Building spatially intelligent AI requires something even more ambitious than LLMs: world models, a new type of generative models whose capabilities of understanding, reasoning, generation and interaction with the semantically, physically, geometrically and dynamically complex worlds — virtual or real — are far beyond the reach of today’s LLMs. The field is nascent, with current methods ranging from abstract reasoning models to video generation systems. World Labs was founded in early 2024 on this conviction: that foundational approaches are still being established, making this the defining challenge of the next decade.

While language is a purely generative phenomenon of human cognition, worlds play by much more complex rules. Here on Earth, for instance, gravity governs motion, atomic structures determine how light produces colors and brightness, and countless physical laws constrain every interaction. Even the most fanciful, creative worlds are composed of spatial objects and agents that obey the physical laws and dynamic behaviors that define them. Reconciling all of this consistently — the semantic, the geometric, the dynamic, and physical — demands entirely new approaches. The dimensionality of representing a world is vastly more complex than that of a one-dimensional, sequential signal like language. Achieving world models that deliver the kind of universal capabilities we enjoy as humans will require overcoming several formidable technical barriers. At World Labs, our research teams are devoted to making fundamental progress toward that goal.

Here are some examples of our current research topics:

A new, universal task function for training: Defining a universal task function as simple and elegant as next-token prediction in LLMs has long been a central goal of world model research. The complexities of both their input and output spaces make such a function inherently more difficult to formulate. But while much remains to be explored, this objective function and corresponding representations must reflect the laws of geometry and physics, honoring the fundamental nature of world models as grounded representations of both imagination and reality.
Large-scale training data: Training world models requires far more complex data than text curation. The promising news: massive data sources already exist. Internet-scale collections of images and videos represent abundant, accessible training material—the challenge lies in developing algorithms that can extract deeper spatial information from these two-dimensional image or video frame-based signals (i.e. RGB). Research over the past decade has shown the power of scaling laws linking data volume and model size in language models; the key unlock for world models is building architectures that can leverage existing visual data at comparable scale. In addition, I would not underestimate the power of high-quality synthetic data and additional modalities like depth and tactile information. They supplement the internet scale data in critical steps of the training process. But the path forward depends on better sensor systems, more robust signal extraction algorithms, and far more powerful neural simulation methods.
New model architecture and representational learning: World model research will inevitably drive advances in model architecture and learning algorithms, particularly beyond the current MLLM and video diffusion paradigms.
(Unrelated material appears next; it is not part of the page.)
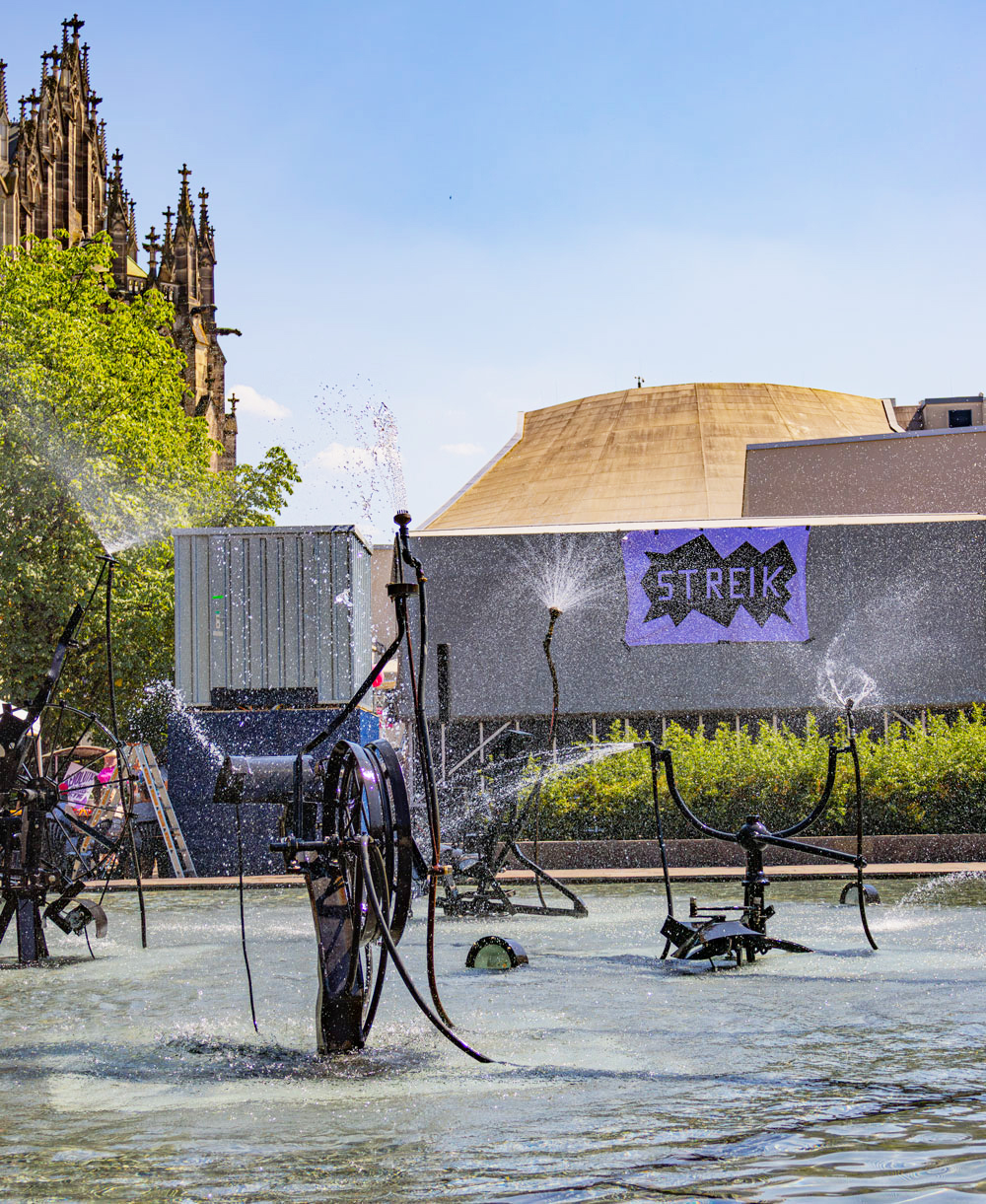 Irdisch erquickend sind die berühmten Tinguely-Brunnen: Vier stehen allein im öffentlichen Raum. Denjenigen in Fribourg widmet er dem Formel-1-Fahrer Jo Siffert, den vor dem Basler Theater dessen Vorgängerbau. Der Fasnachtsbrunnen mit den sisyphushaft agierenden eisenharten Protagonisten steht dort, wo einst die Bühne des Theaters war. Es ist überdeutlich: Tinguely war gegen den Abriss.

Both of these typically tokenize data into 1D or 2D sequences, which makes simple spatial tasks unnecessarily difficult – like counting unique chairs in a short video, or remembering what a room looked like an hour ago. Alternative architectures may help, such as 3D or 4D-aware methods for tokenization, context, and memory. For example, at World Labs, our recent work on a real-time generative frame-based model called RTFM has demonstrated this shift, which uses spatially-grounded frames as a form of spatial memory to achieve efficient real-time generation while maintaining persistence in the generated world.

Clearly, we are still facing daunting challenges before we can fully unlock spatial intelligence through world modelling. This research isn’t just a theoretical exercise. It is the core engine for a new class of creative and productivity tools. And the progress within World Labs has been encouraging. We recently shared with a limited number of users a glimpse of Marble, the first-ever world model that can be prompted by multimodal inputs to generate and maintain consistent 3D environments for users and storytellers to explore, interact with, and build further in their creative workflow. And we are working hard to make it available to the public soon!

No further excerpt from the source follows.